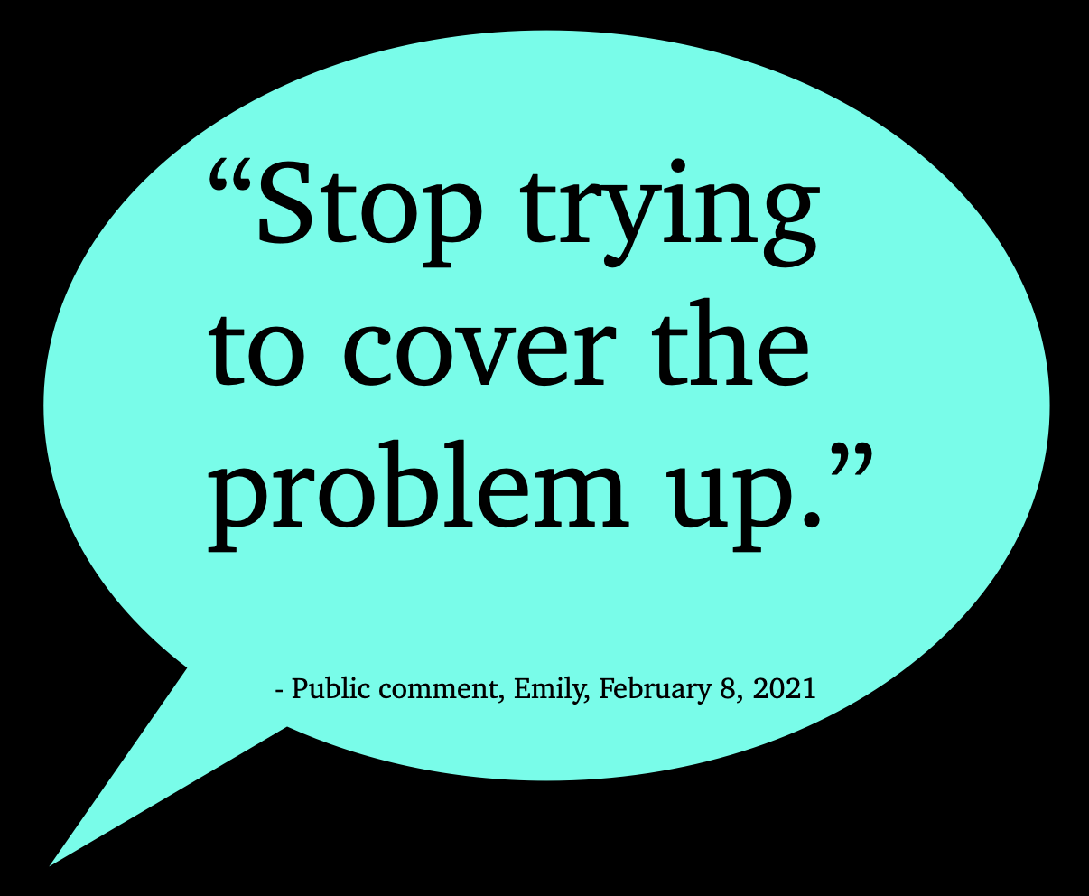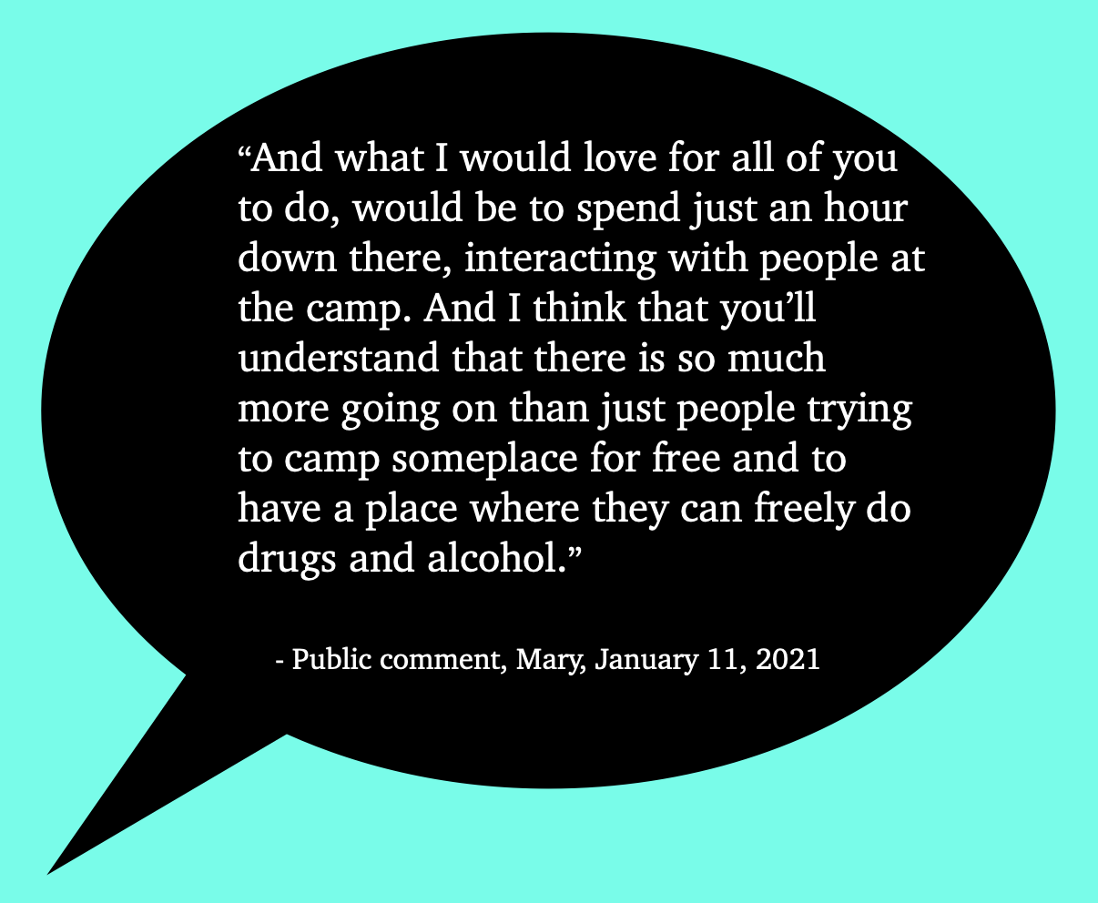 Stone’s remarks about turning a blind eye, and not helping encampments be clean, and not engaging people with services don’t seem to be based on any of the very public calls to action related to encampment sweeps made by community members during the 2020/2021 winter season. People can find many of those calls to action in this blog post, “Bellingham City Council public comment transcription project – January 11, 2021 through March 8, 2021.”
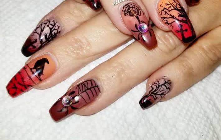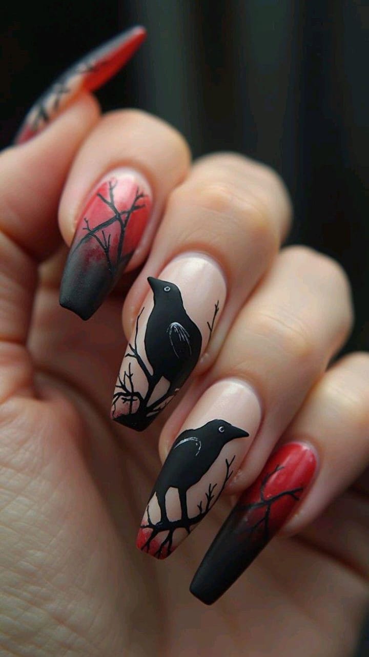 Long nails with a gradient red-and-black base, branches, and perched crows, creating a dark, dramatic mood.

* * *

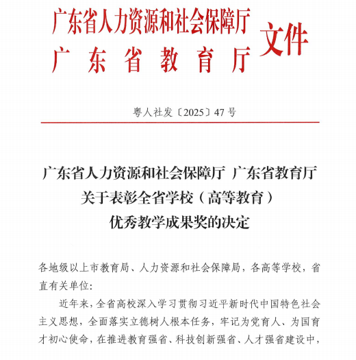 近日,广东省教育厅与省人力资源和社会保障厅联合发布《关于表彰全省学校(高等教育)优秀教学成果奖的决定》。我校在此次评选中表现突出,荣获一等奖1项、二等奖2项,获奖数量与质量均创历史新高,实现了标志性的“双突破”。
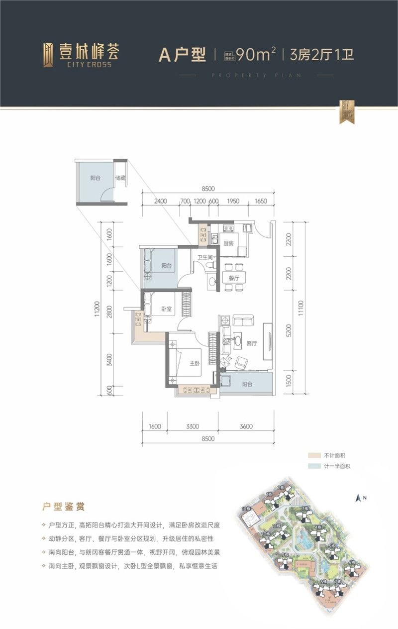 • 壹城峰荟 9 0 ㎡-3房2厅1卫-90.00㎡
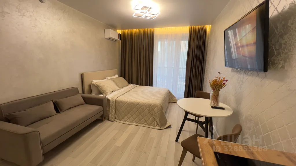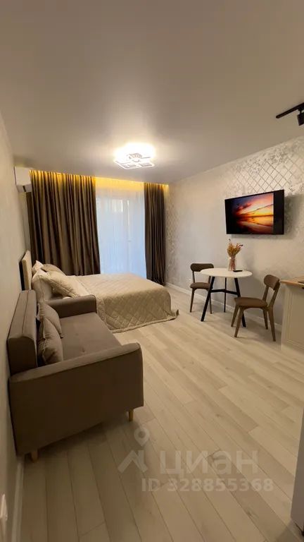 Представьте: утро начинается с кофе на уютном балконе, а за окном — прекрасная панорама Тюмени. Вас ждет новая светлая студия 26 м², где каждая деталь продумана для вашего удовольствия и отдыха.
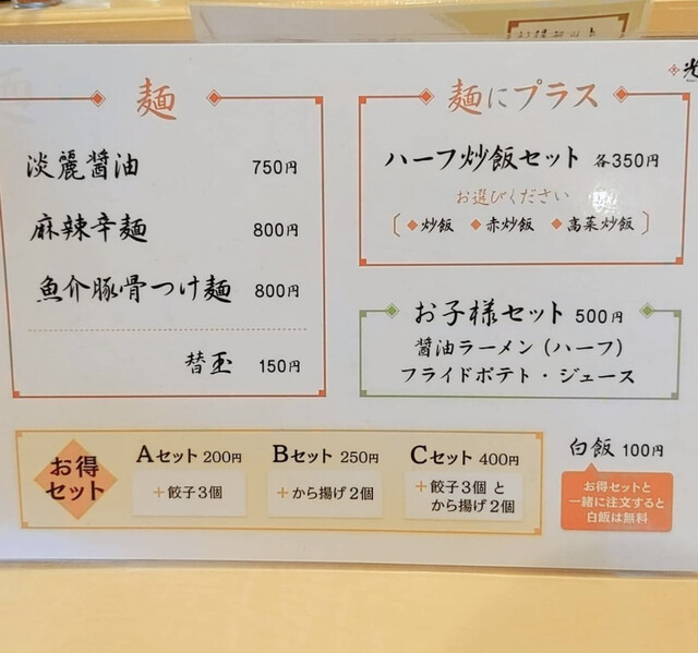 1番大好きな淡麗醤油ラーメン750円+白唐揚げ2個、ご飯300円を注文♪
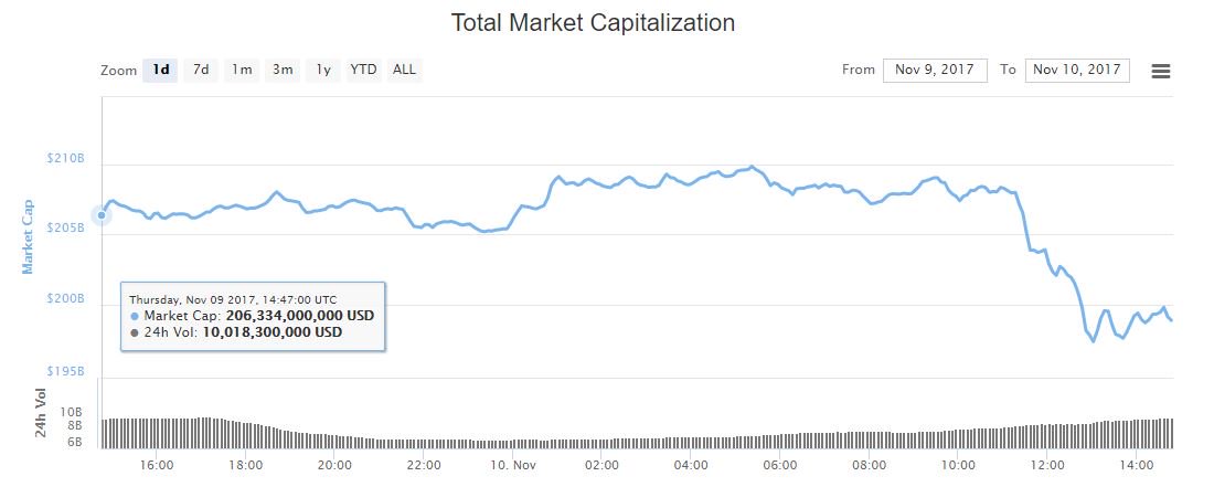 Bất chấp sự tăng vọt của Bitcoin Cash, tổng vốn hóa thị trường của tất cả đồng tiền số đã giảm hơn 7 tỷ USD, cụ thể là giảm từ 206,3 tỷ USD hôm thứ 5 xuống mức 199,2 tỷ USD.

--

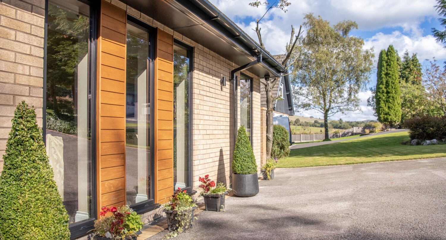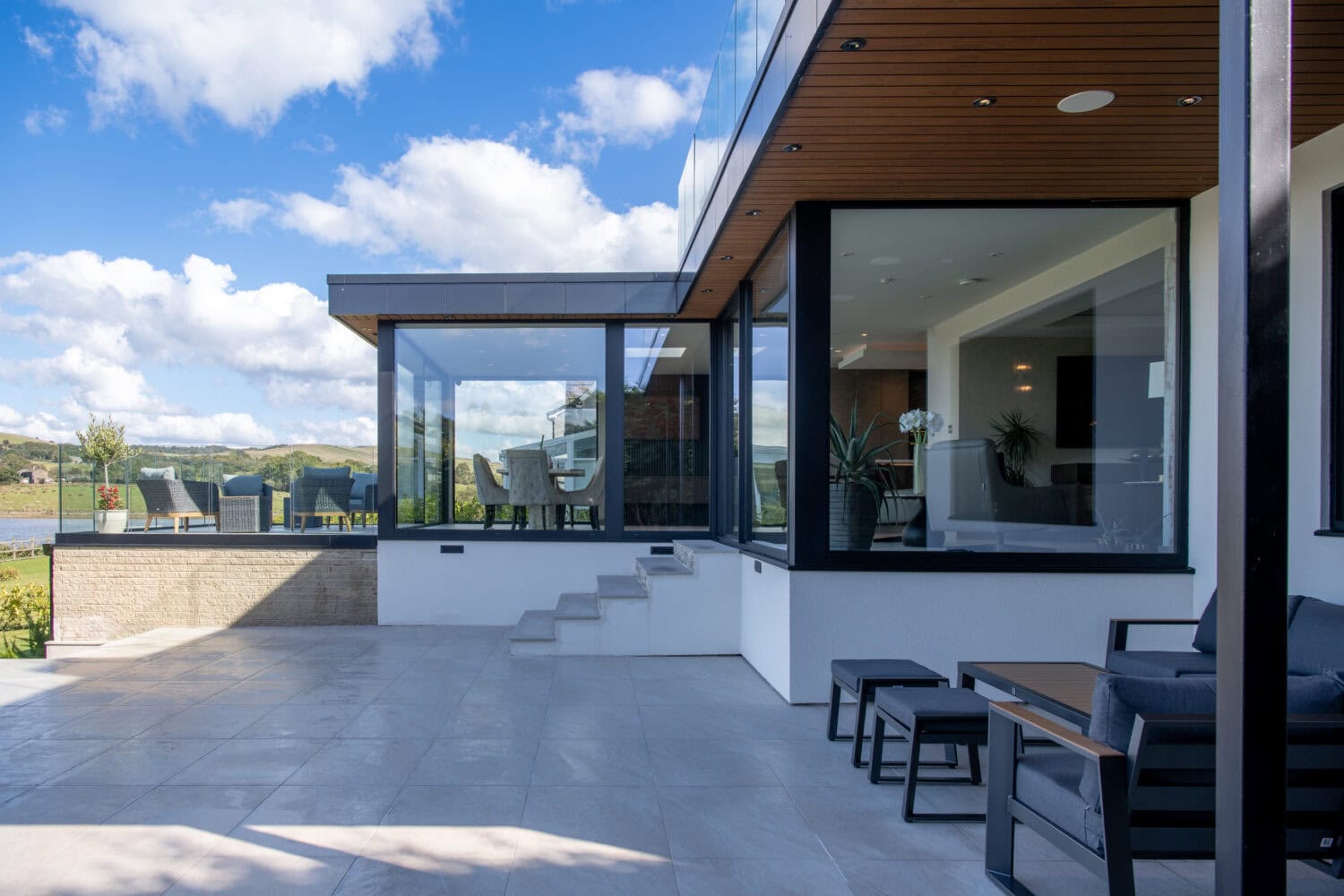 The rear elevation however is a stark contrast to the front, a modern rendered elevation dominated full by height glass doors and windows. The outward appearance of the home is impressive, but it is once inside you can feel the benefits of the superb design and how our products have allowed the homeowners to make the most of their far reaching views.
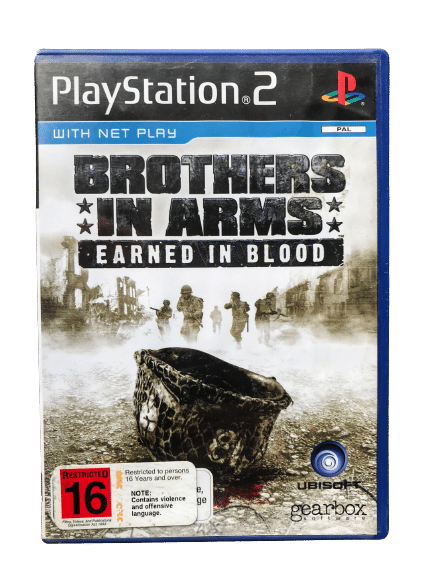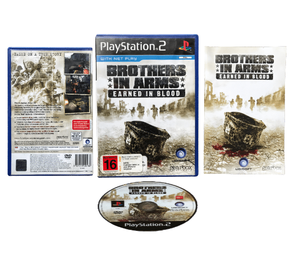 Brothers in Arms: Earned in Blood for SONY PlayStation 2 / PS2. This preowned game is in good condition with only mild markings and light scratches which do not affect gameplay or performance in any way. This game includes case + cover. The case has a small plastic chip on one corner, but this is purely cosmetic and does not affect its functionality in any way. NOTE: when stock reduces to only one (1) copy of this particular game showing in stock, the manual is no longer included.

**What is needed**:
Set down again, word for word, every line from the one with "Stone’s remarks about" to the one with "Long nails with" in the entries above, and omit the pictures.

**Response to the task**:
 Stone’s remarks about turning a blind eye, and not helping encampments be clean, and not engaging people with services don’t seem to be based on any of the very public calls to action related to encampment sweeps made by community members during the 2020/2021 winter season. People can find many of those calls to action in this blog post, “Bellingham City Council public comment transcription project – January 11, 2021 through March 8, 2021.”
 Long nails with a gradient red-and-black base, branches, and perched crows, creating a dark, dramatic mood.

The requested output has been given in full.